Of course, aiming for greater efficiency should not be reserved for crisis situations – there are many ways to improve gas yields and income. Some of these require external advice; others can be implemented relatively easily on site. As part of the AB Agri group, which specialises in agriculture, Amur has experience in nutrition for both livestock and AD. We frequently encounter AD operators that approach feedstock with an eye to volume, rather than nutritional quality, and even many of those plants that operate to full potential could do so in a more cost-effective way.

Gas is king and, therefore, testing for likely levels of gas from feedstocks is critically important. Fast, accurate analytic tools are crucial to enabling AD operators to take advantage of feedstocks on offer – before they are sold to someone else


Biological BMP

Biological BMP (biochemical methane potential) tests rate feedstocks to give operators a potential gas yield. BMP testing comes in three different forms. The biological test reflects the behaviour of bacteria in a live AD, while theoretical testing measures the individual components before apportioning a hypothetical gas yield. Amur’s Bullet BMP technology uses near infra-red spectral analysis to identify the components in a sample. The findings are calibrated and benchmarked against known biomethane potential from a range of waste materials, then mathematically calculated and converted into BMP. The results are significantly more accurate than the theoretical, improving the decision making process when a result is required quickly.


Spectral analysis

Up to 70% of on-farm ADs buy in crops from other farms. Dry matter varies enormously and, since higher levels of dry matter translate into greater gas yields, it is common practice to price feedstock relative to dry matter. While BMP testing takes place in a laboratory, AD operators also need a fast, on site tool to assess incoming crops. Hand-held spectral analysis tools give prompt, accurate results, which may even extend to nutritional parameters such as starch and sugar.

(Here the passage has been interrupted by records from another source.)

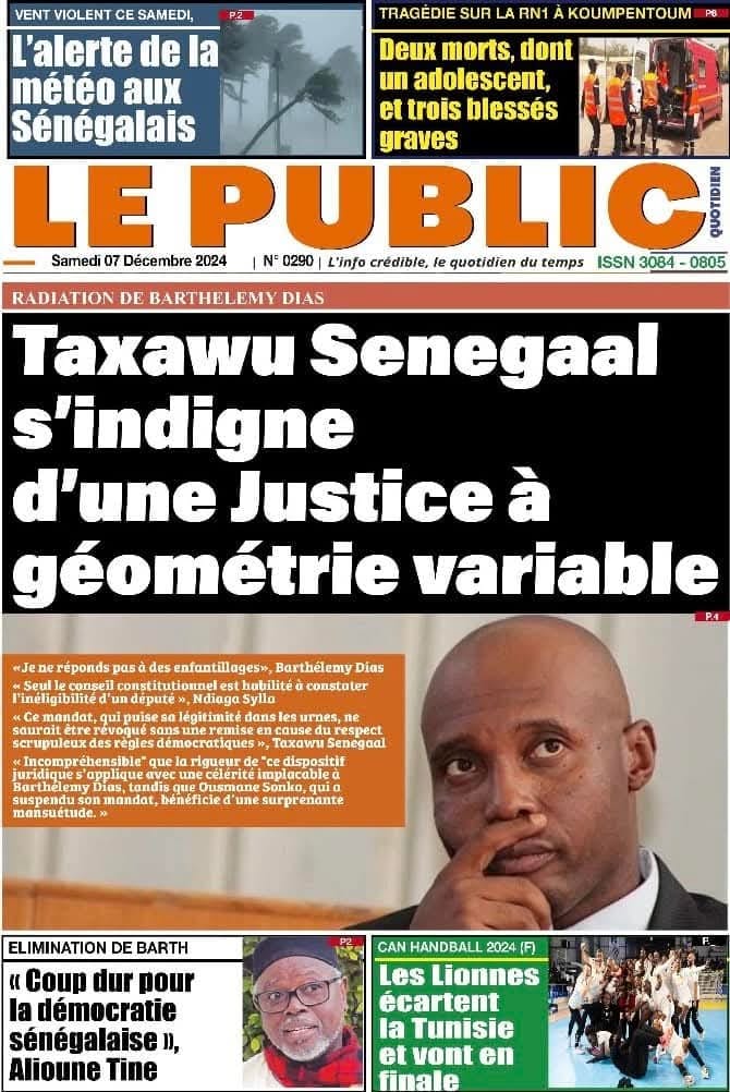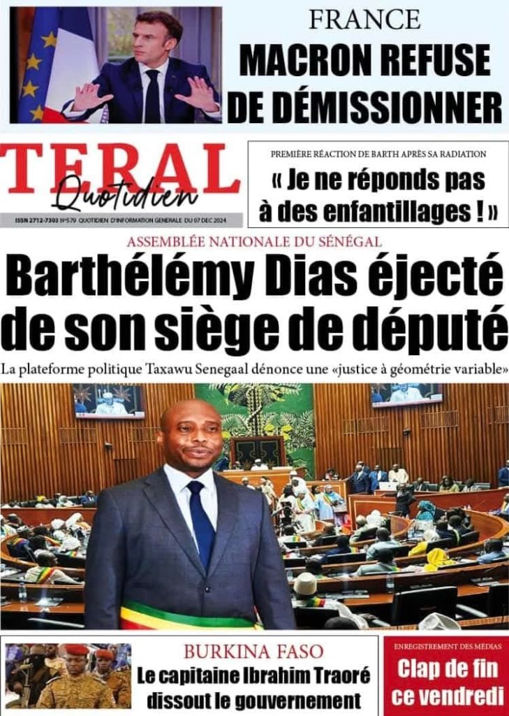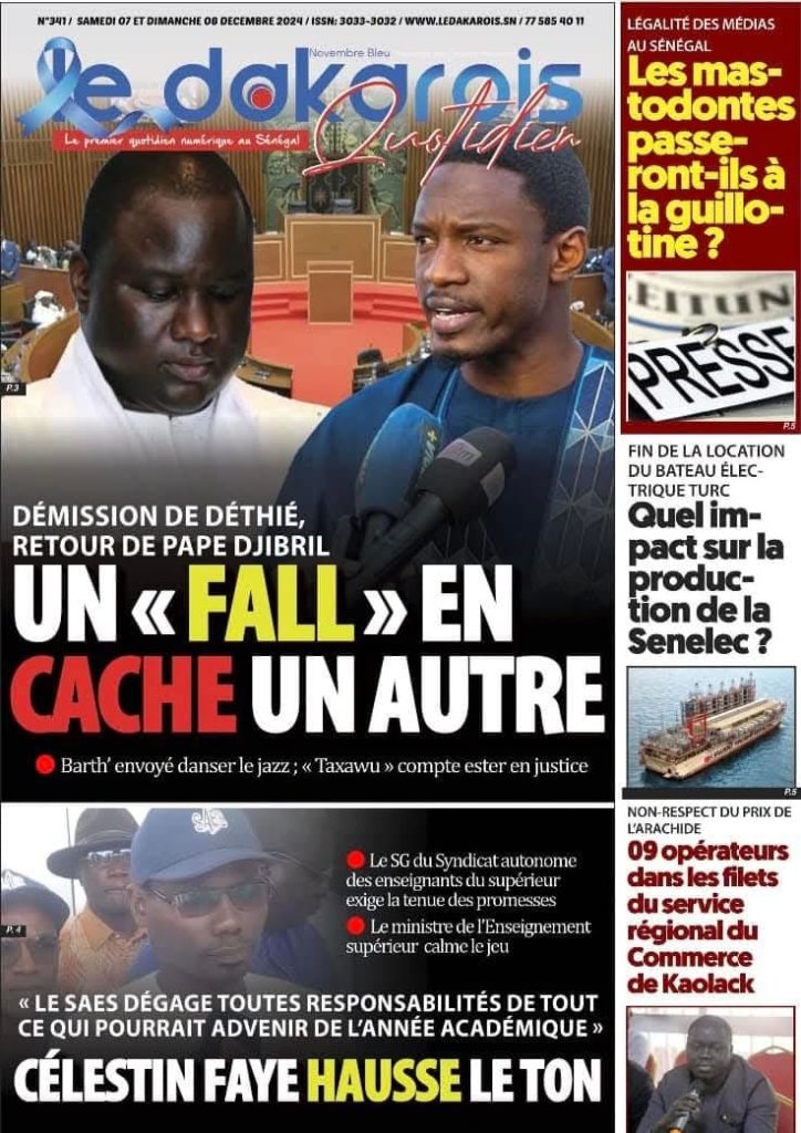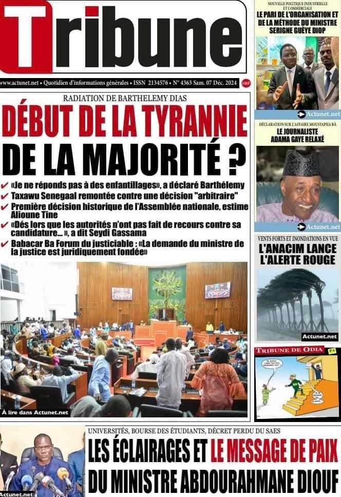 " /> La Une des Quotidiens Nationaux du 07 Décembre 2024 Publié le 7 Déc, 2024 À DÉCOUVRIR Les Unes des quotidiens nationaux du 13 novembre 2025 13 Nov, 2025 La Rédaction de SenCaféActu Partager ->
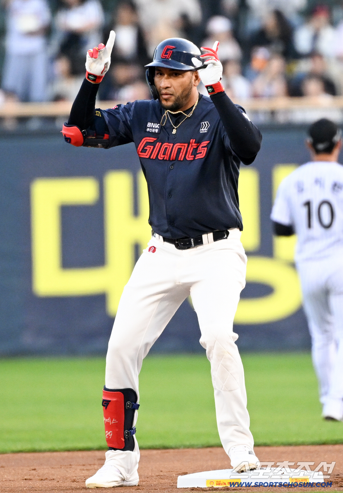 16일 잠실구장에서 열린 LG와 롯데의 경기. 1회초 롯데 레이예스가 안타를 날린 뒤 환호하고 있다. 잠실=박재만 기자 pjm@sportschosun.com/2026.04.16/
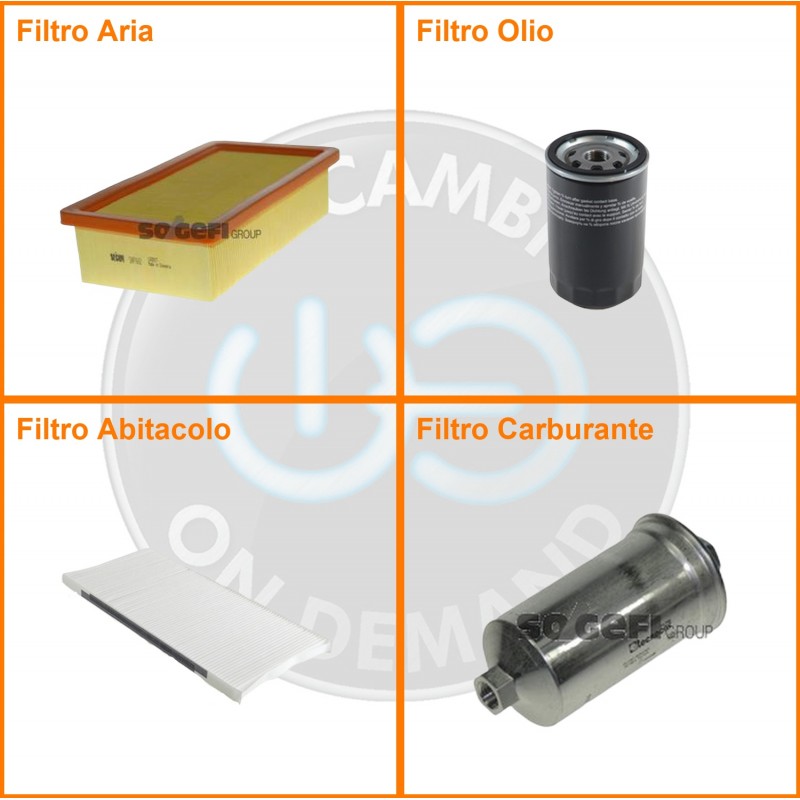 ComposizioneFiltro benzina, Filtro olio, Filtro abitacolo, Filtro aria
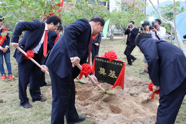 罗萤书记、黄汉升校长、王建南副书记、李永青处长共同为研究生院大楼奠基培土。
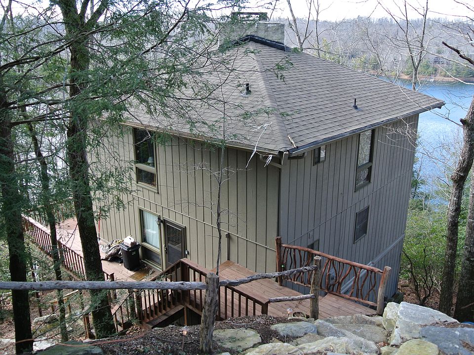 Unique artistic lakefront home with spectacular lake/mountain views. Includes your own boat dock, great fishing, swimming and boating. Home include multi-story glass windows with wrap around decks offering lake/mountain views from every room. Recently updated kitchen, spiral staircase leads to two bedrooms and bath above. Main level with a custom pit focusing on a 20 ft. wood-burning stack stone fireplace. Great rental potential
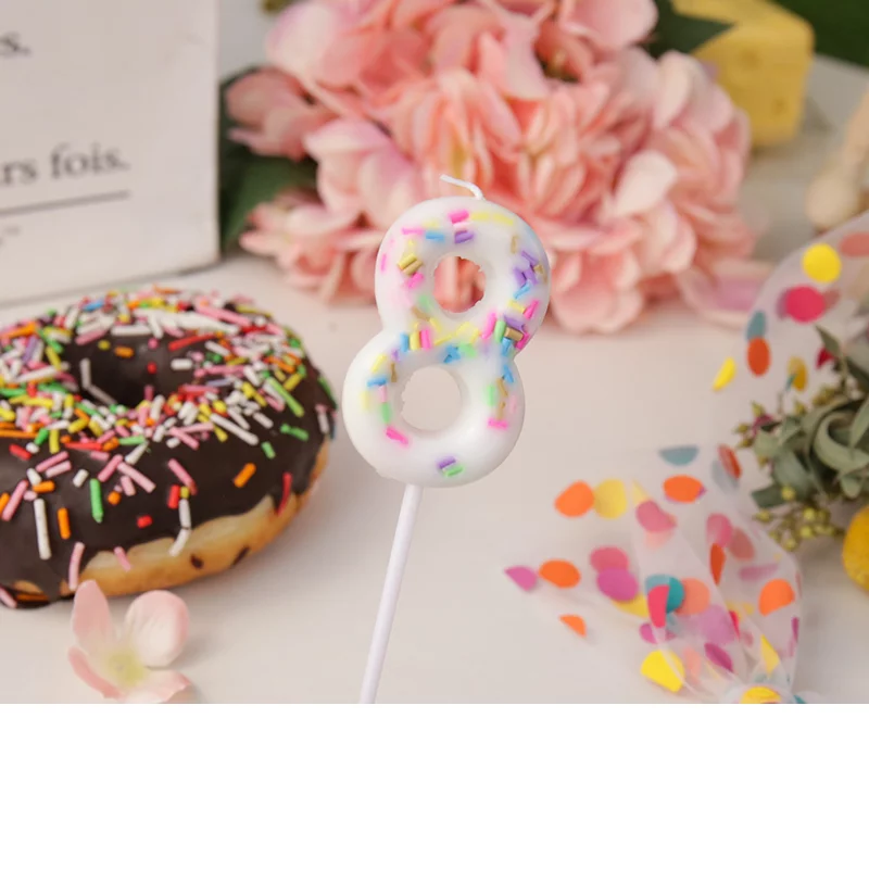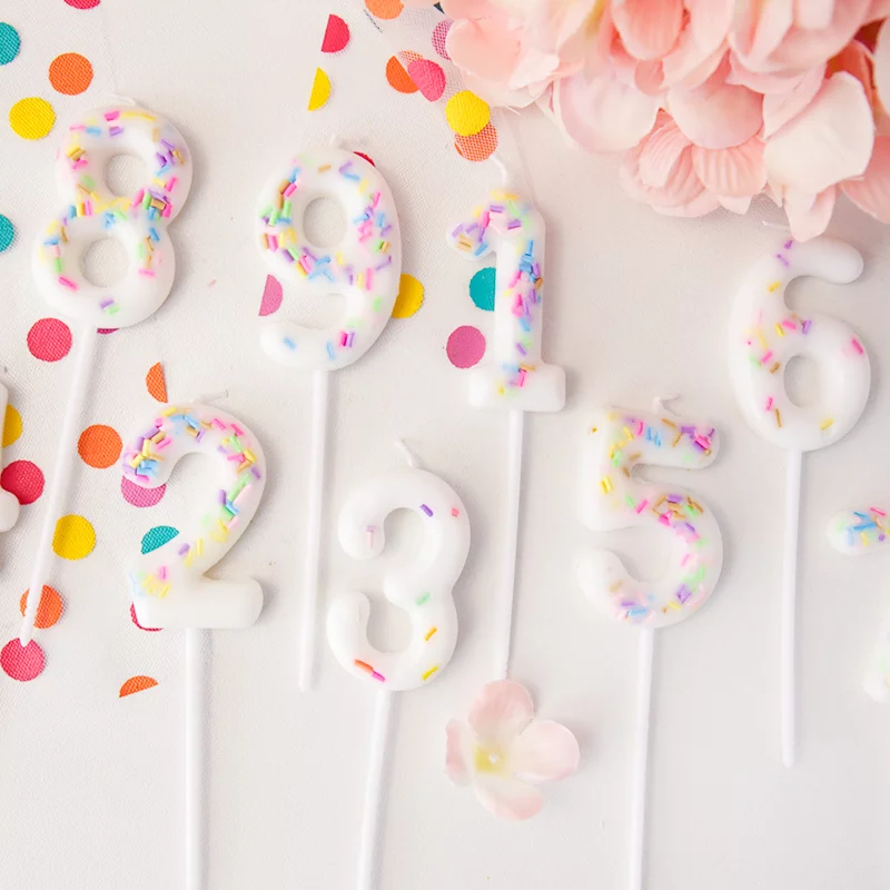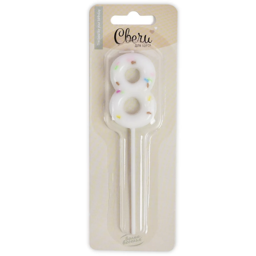 Свеча Цифра, 8 Сладкое конфетти, на шпажке, Белый, 5 + 7 см, 1 шт. с держат., 802848
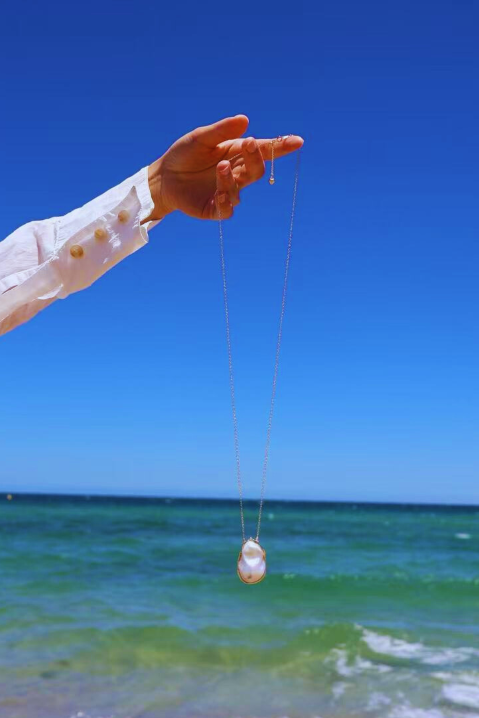 Golden Frame features a luminous large baroque pearl, delicately encased in an 18K gold edge setting that traces its organic silhouette. The gold frame enhances the pearl’s natural form without overpowering it — a balance of structure and softness, intention and individuality.
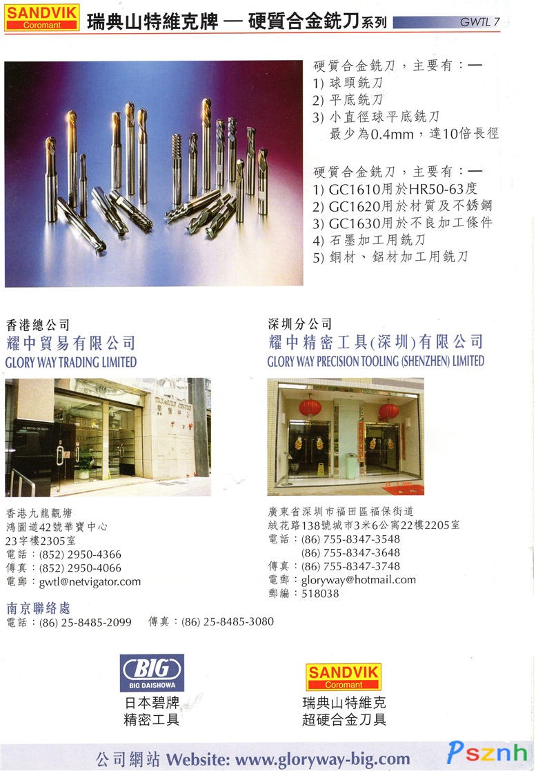 耀中貿易有限公司及耀中精密工具(深圳)有限公司是日本的〝大昭和精機株式會社〞JAPAN〝BIG DAISHOWA SEIKI CO., LTD.〞香港的總代理店,同時是瑞典〝山特維克可樂滿〞SWEDEN〝SANDVIK COROMANT〞中國內地及香港的認可分銷商,兩個品牌都是行業內公認的世界一流著名工具、刀具、量具生產廠家,多年前已經取得國際ISO9000認證,且擁有多項專利發明,為客戶提供超過50,000多種標準規格工具刀具產品。此外;另特別設有專門車間為客戶設計及生產非標工具、刀具、量具。
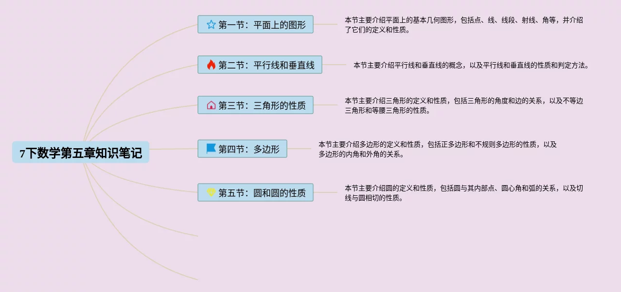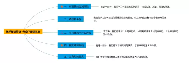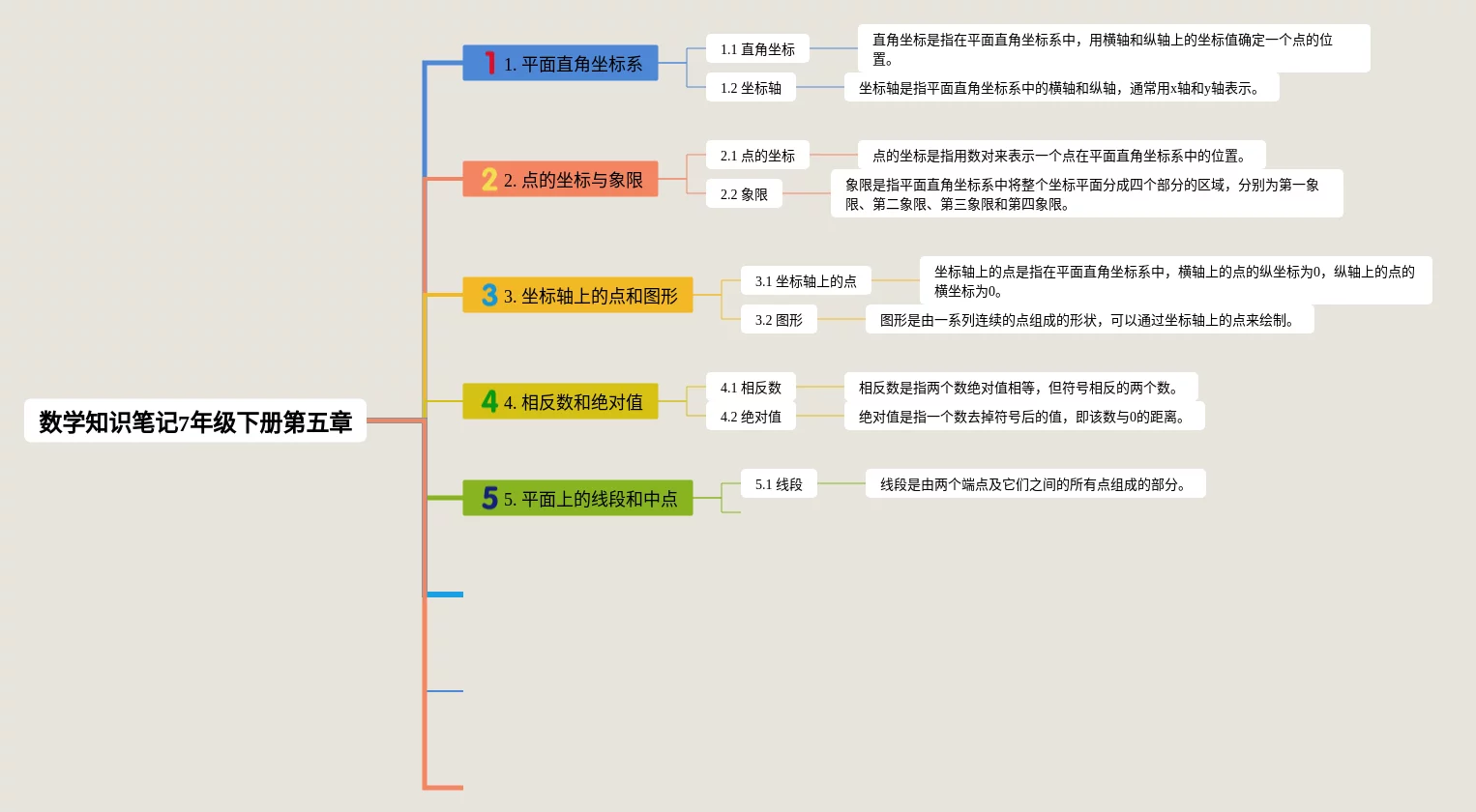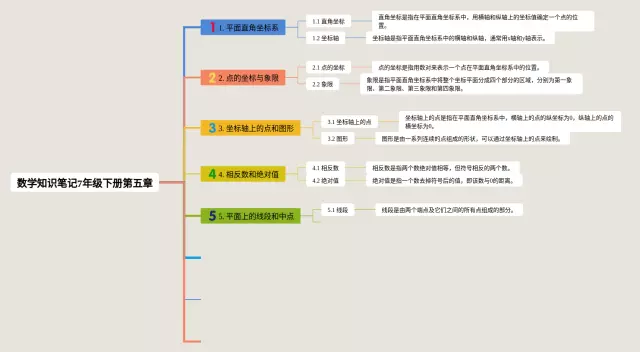 25张7年级下册数学第五章思维导图汇总,7年级下册数学第五章思维导图,内容涵盖1. 平面直角坐标系、2. 点的坐标与象限、3. 坐标轴上的点和图形、4. 相反数和绝对值、5. 平面上的线段和中点等8个知识点,25张可下载,每张思维导图都非常漂亮,每张图片均可下载。
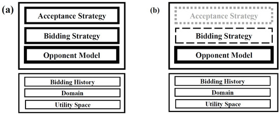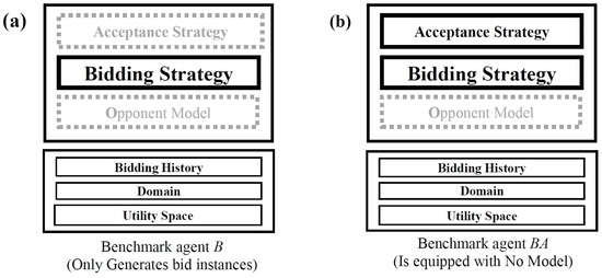 In an experimental analysis of modeling opponents, we require some benchmark agents that either (1) propose bids (B agents that assess the accuracy of the opponent model) or (2) propose bids while considering the acceptance or rejection of the opponent’s bids (BA agents that assess the performance of the opponent model). The latter benchmark agents can assess the performance of the agents once the negotiation ends. During the accuracy assessment, each benchmark agent has a B configuration comprising only a bidding strategy (see Figure 5a) and obeys a BA configuration comprising both a bidding strategy and an acceptance strategy (see Figure 5b); that is, the benchmark agent is devoid of an opponent model and must propose bids only to provide training data, which will be used by another agent analyzing an opponent model. It should be noted that both the bidding and acceptance strategies of the benchmark agent are affected by the selected single-peaked utility function.
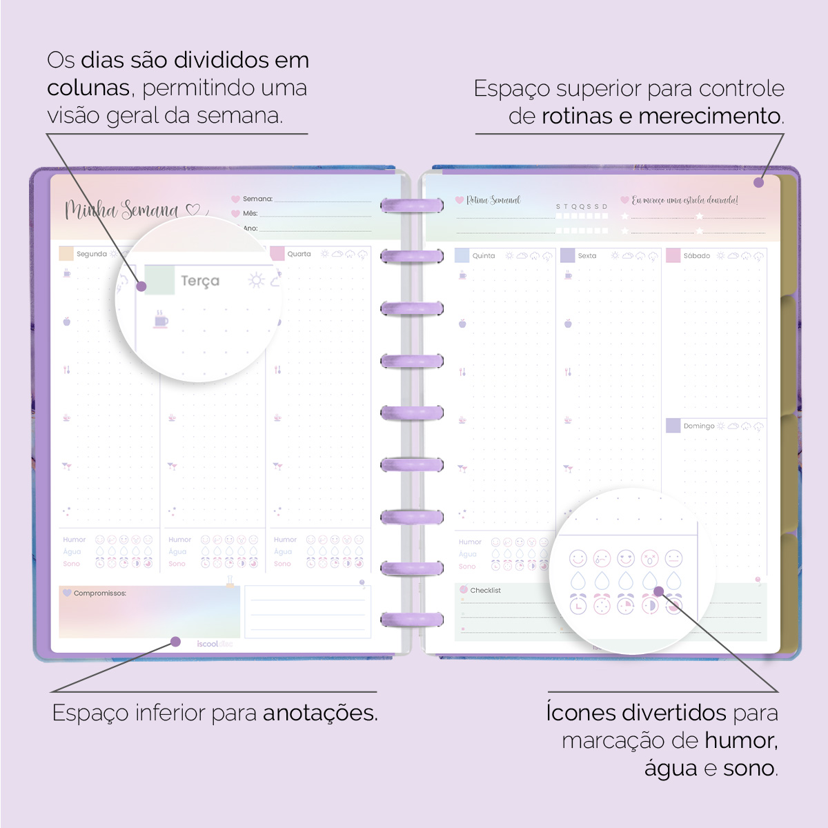 Os dias são divididos em colunas, permitindo uma visão geral da semana, onde você mesmo irá indicar o dia, a semana, o mês e o ano. Assim, você pode utilizar o seu planner independentemente do ano em que estivermos. Não é incrível?
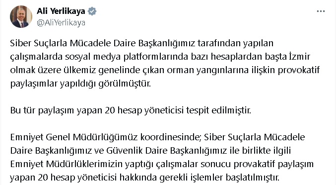 Bakan Yerlikaya, sosyal medya hesabından yaptığı açıklamada, “Siber Suçlarla Mücadele Daire Başkanlığımız tarafından yapılan çalışmalarda sosyal medya platformlarında bazı hesaplardan başta İzmir olmak üzere ülkemiz genelinde çıkan orman yangınlarına ilişkin provokatif paylaşımlar yapıldığı görülmüştür. Bu tür paylaşım yapan 20 hesap yöneticisi tespit edilmiştir. Provakatif paylaşım yapan 20 hesap yöneticisi hakkında gerekli işlemler başlatılmıştır. Orman yangınları gibi milletçe büyük üzüntü duyduğumuz ve devletimizin tüm kurumlarıyla mücadelesini sürdürdüğü bir konuda, halkımız arasına nifak tohumu ekmeye çalışanlara müsaade etmeyeceğiz. Bu tür paylaşım yapanlar adalete teslim edilecektir” dedi.

Once feedstock quality – and dry matter – have been established, operators can be comfortable they are paying a fair price, managing feed more effectively, and optimising gas production.


Alternative feedstocks

Sourcing additional feedstocks will provide volume and, in some cases, enhance biology. It is possible to blend feedstocks strategically – for example, adding rice bran to forage maize will increase gas yields. There may be an extra cost associated with this, but it is important to remember that gas yield generates income, so extra outlay may still result in a worthwhile payback. Operators can source feedstocks themselves, or call in expert knowledge. Permits and subsidy allowances will dictate which feedstocks are allowed, which adds another dimension to the selection of the right type of feedstock.


Fine tuning

Just as in dairy farming, trace elements are extremely important in the performance of AD. The addition of enzymes can counteract gaps in feedstocks, and even improve gas output, equivalent to adding an extra couple of tonnes of silage. Again, the first step is to analyse current levels.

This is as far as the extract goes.